What this session actually proves

  1. A SPEC issue is enough contract. No instruction file, no role prompt — just a versioned GitHub issue every PR points at. Acceptance checklist becomes the PR review template.
  2. Waves with fresh teammates beat one long-running team. The lead persists; workers turn over per wave. This is what kept the run inside 800k tokens.
  3. agent-teams is the dispatcher; subagents are the workers. This session used both: TeamCreate to spin up the team, then Agent(subagent_type=general-purpose) 54 times to actually build the stubs. Each teammate’s work happened inside its subagent.
  4. Audits via separate Explore subagents. 7 of the 62 Agent dispatches were reviewers, not builders. Keeps review context separate from build context.
  5. GitHub is the substrate.
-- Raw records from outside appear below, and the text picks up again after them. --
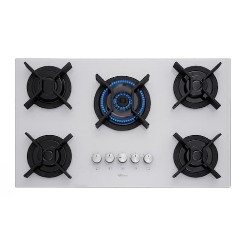 Características: Mesa de vidro temperado Suporte da trempe em easy clean Trempe individual com novo design em ferro fundido e melhor encaixe para as panelas Manipuladores -botões- de nylon Queimadores com tecnologia italiana de alta eficiência e durabilidade -SABAF- 5 queimadores: 1 queimador tripla chama -3700W-, 1 queimador rápido -3000W- e 3 queimadores semirrápidos -1630W- Câmara de gás fechada: a chama não se apaga com facilidade Fundo compacto, otimiza o espaço do armário/nicho Acendimento superautomático Produto Certificado pelo INMETRO -Portaria 400- Produto Bivolt
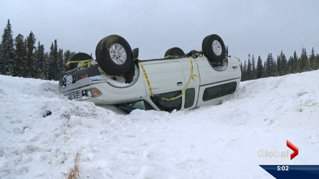 Nearby, two other vehicles were in the deep snow of the centre median, including an overturned pickup truck.
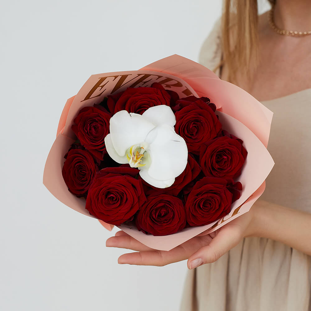 • 11 роз, орхидеи
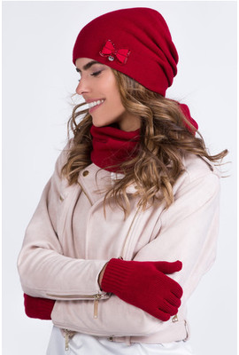 Элегантный польский шерстяной комплект Элинор (берет+шарф) 001 красный

Issues created the work, PRs delivered it, comments coordinated with Yaroslav, merges gated on Yad. No Slack. No call.
  6. One human per session is enough. 70 prompts, mostly status checks. 5–6 of them set direction. The rest let the lead run.

Concrete numbers you can quote in the video

  • 53 / 53 Hinton-paper stubs implemented
  • 27 reproduce paper claims, 25 partial (gap documented), 1 honest non-replication
  • ~30 wall hours, with overnight idle gaps
  • 63 distinct sessions (lead + 62 subagent dispatches) consuming ~661 million tokens total, of which 93.49% is cache_read (re-loaded prefix from prior turns). Harness “~800k” display was current context-window utilisation, not cumulative cost. Full breakdown in issue #56.
  • 1 GitHub issue as the SPEC
  • 1 TeamCreate, 53 named teammates, 11 waves
  • 18 issues + 15 PRs filed
  • 62 subagent dispatches (54 builders + 7 auditors + 1 docs-research)
  • 191 bash, 124 reads, 55 writes, 53 SendMessages, 1 Skill
  • 70 human prompts total; ~6 set direction, ~10 were status checks, ~10 were merge approvals, the rest were follow-ups
  • 6 PRs merged in-session via gh pr merge, 24 pushes

Suggested video shot list

  1. Open on the SPEC issue (#1) on screen. “This is the entire contract.”
  2. Cut to the GitHub PRs page filtered to “wave” — show the 10 wave PRs. “This is what came out of it.”
  3. Show the agent-teams docs page (code.claude.com/docs/en/agent-teams). “This is the primitive that made parallel cheap.”
  4. Show the TeamCreate JSON (in this report). “One call. One team.”
  5. Walk through one wave — pick wave 5 (Helmholtz/MDL/Imax/fast-weights, 6 stubs). Show the 6 teammate names, the 6 PRs, the merged commit.
  6. Show a single per-stub README (e.g., encoder-4-2-4) — show how it satisfies all 8 spec sections.
  7. Show the v1 gap analysis issue at the end. “v1 = correctness. v1.5 = paper parity. v2 = energy.”
  8. Close on the bottom-line numbers (53 / 30 hr / 800k / 1 spec / 11 waves).

Generated from the live session log on 2026-05-04. Throwaway artifact — delete after the video is recorded.